Un estudio de la Universidad Estatal de Colorado ha identificado una mayor frecuencia de neoplasmas nasales y senos nasales en perros que cohabitan con fumadores que en sujetos que viven en ambientes libres de humo. Este tipo de tumores nasales es más común en perros con bastón nasal alargado (llamados dolomomorfos), como el pastor alemán, el perro perdiguero, el collie y el galgo. El mismo estudio encontró una mayor frecuencia de neoplasmas pulmonares en perros nariz “cortos” (como boxers, bulldogs, pugs) que viven con fumadores. Un tránsito más rápido permite que más partículas lleguen a los pulmones y causen daños.

Los estudios realizados en los Estados Unidos por la Facultad de Medicina Veterinaria de la Universidad Tuft y la Universidad de Massachusetts en Amherst, han permitido correlacionar la aparición de neoplasmas orales felinos (SCC) con la exposición ambiental al humo de tabaco. Las mismas universidades también han llevado la convivencia del gato con fumadores a la aparición de linfoma maligno (dos veces más frecuente que los gatos que viven en ambientes “libres de humo”), lo que estadísticamente mata a tres de cada cuatro gatos en 12 meses. Según el Tuft, los gatos expuestos al tabaquismo pasivo durante más de cinco años tienen una alta probabilidad de contraer carcinoma de células escamosas. Un estudio de la Universidad de Minnesota también encontró la presencia de nicotina y otras toxinas en la orina de gatos que cohabitan con fumadores.
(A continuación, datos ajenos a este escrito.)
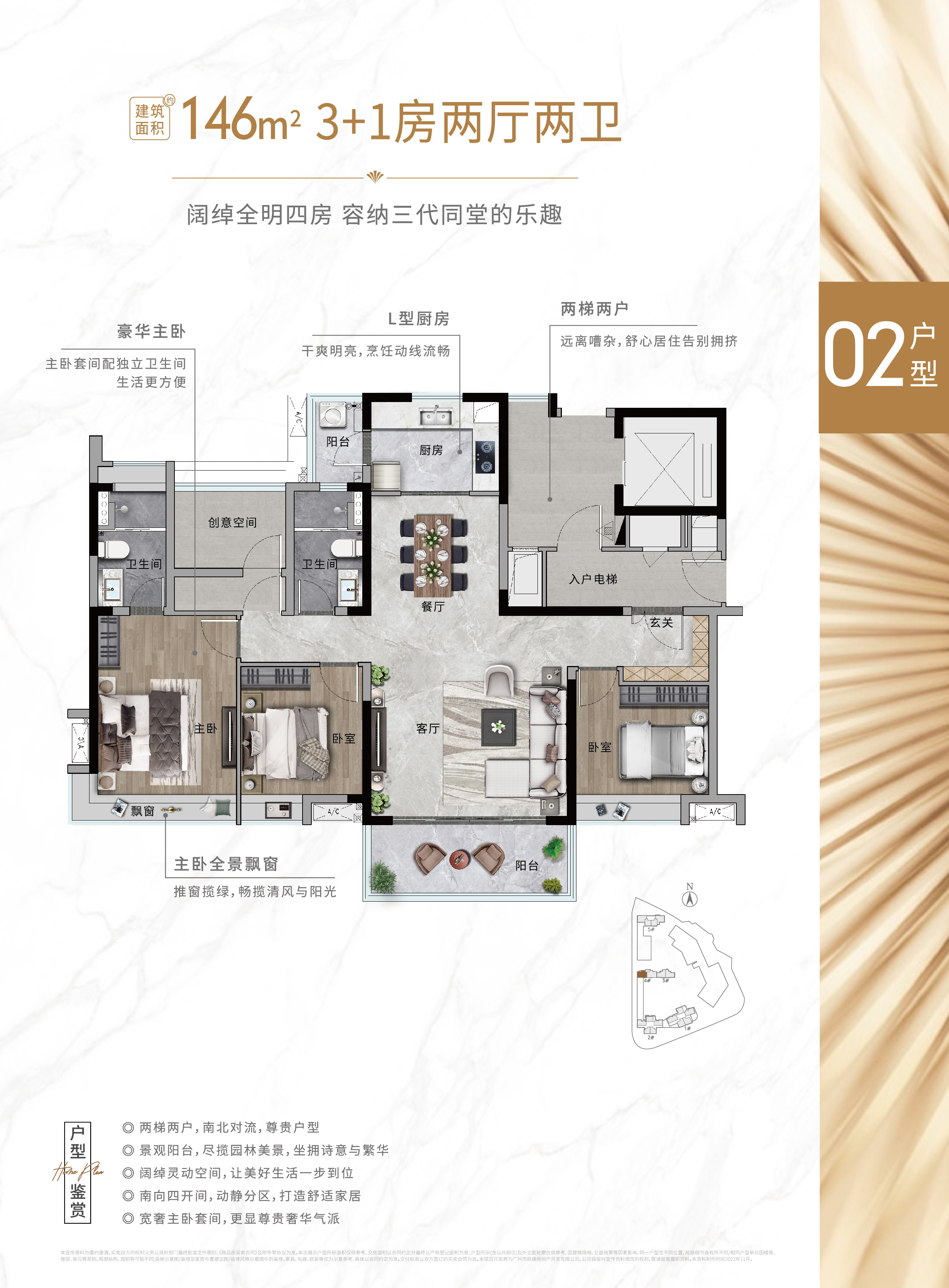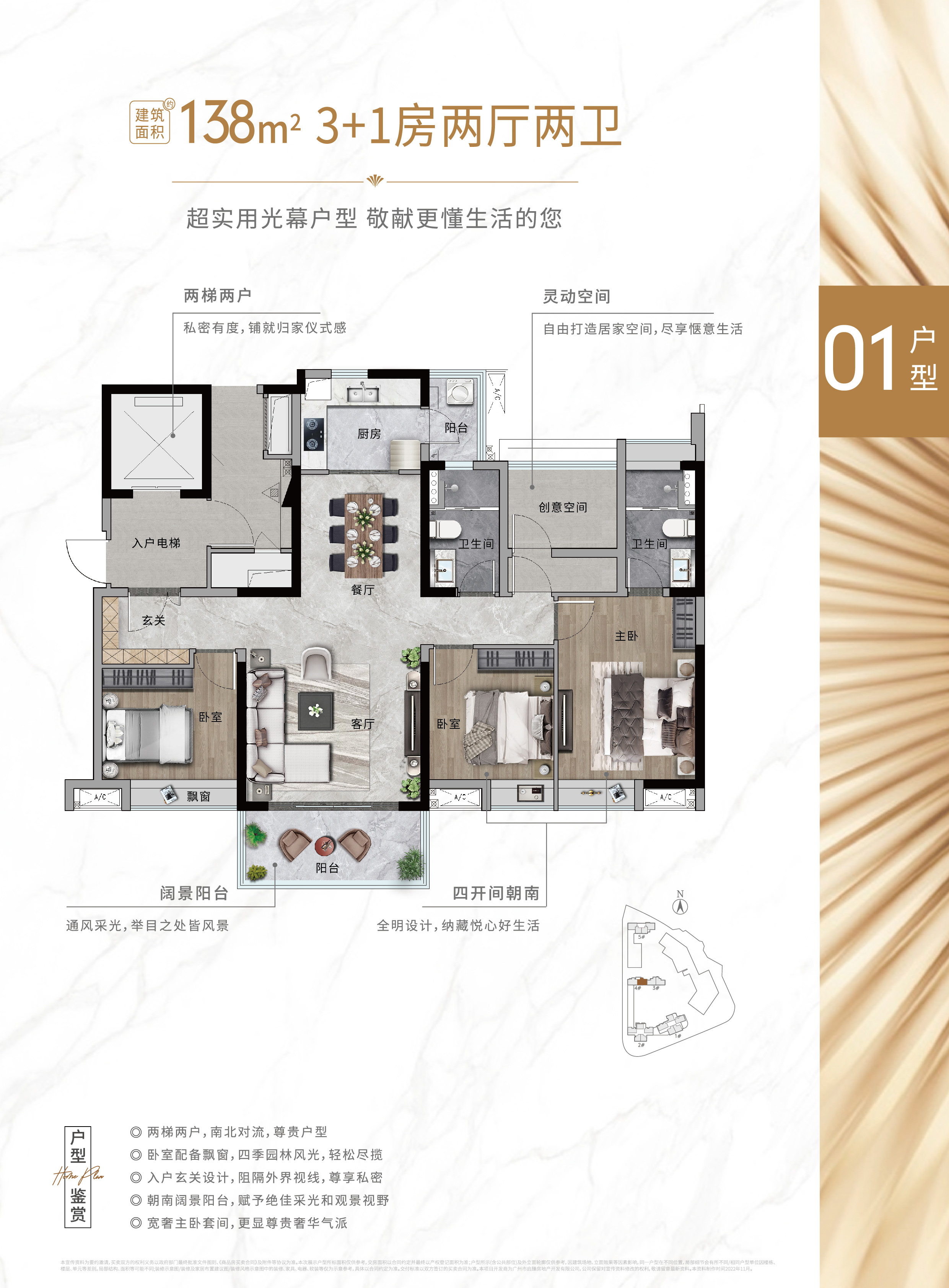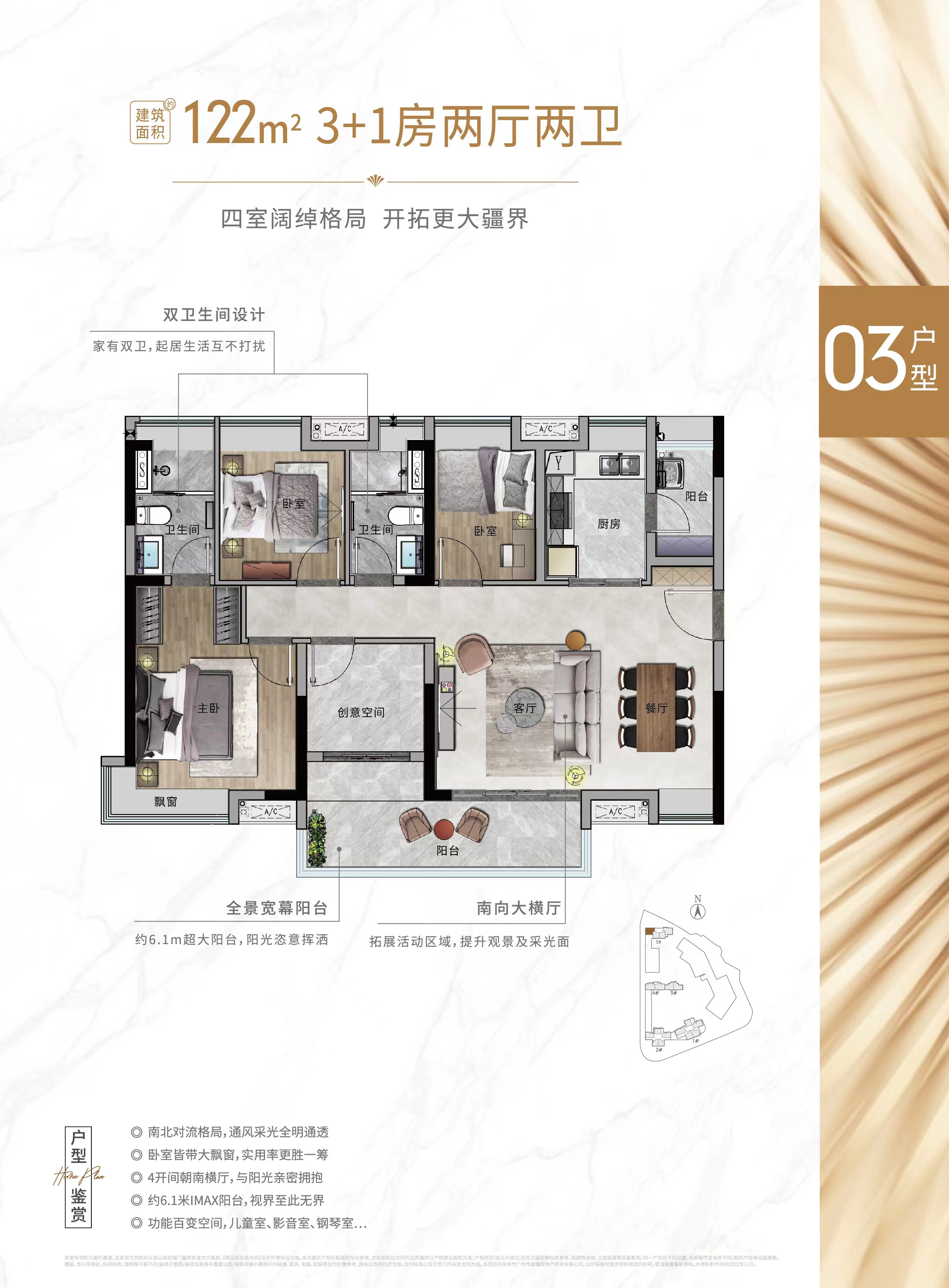 3:豪宅板式楼设计,户户纯南向,大面宽采光,南北通透,前后约70米楼间距,户户带园林景观。

gatto-cane-300x204Otro estudio realizado por la Universidad de Glasgow ha demostrado que los gatos son los animales más vulnerables debido a la alta sensibilidad al tabaquismo pasivo (daño secundario del tabaquismo) y la mayor posibilidad de desarrollar asma y bronquitis. Según la misma investigación, los perros con mayor riesgo son aquellos con hocicos largos y aquellos de pequeño tamaño, como yorkshire y caniches, predispuestos a enfermedades cardíacas y respiratorias. El estudio nos permite observar cómo los niveles de nicotina en los pelos disminuyen significativamente si el consumo en el hogar cae por debajo de diez cigarrillos por día. Los investigadores de Glasgow, dirigidos por la profesora Clare Knottenbelt, encontraron en los testículos de perros castrados un gen marcador para las células dañadas encontradas en perros que viven con fumadores. Este gen está alterado en algunos tipos de cáncer de perro y está menos presente cuando el dueño fuma fuera de la casa. Los cigarrillos también tienen efectos negativos en los canarios y los loros: el tabaquismo pasivo es particularmente dañino para las aves porque tienen un tracto respiratorio muy sensible. Los cigarrillos pueden causar la acumulación de líquidos y conducir a la neumonía, a menudo letal.

Para los fumadores dueños de mascotas que pretenden limitar tanto como sea posible los riesgos de fumar pasivamente, se sugiere no fumar en presencia del animal, siempre vaciar el cenicero, lavarse las manos antes de tocar al animal después de fumar y fumar al aire libre, evitando que el humo ingrese a su hogar. Es aconsejable utilizar un colector específico para colillas o residuos de cigarros o, mejor aún, para dejar de fumar.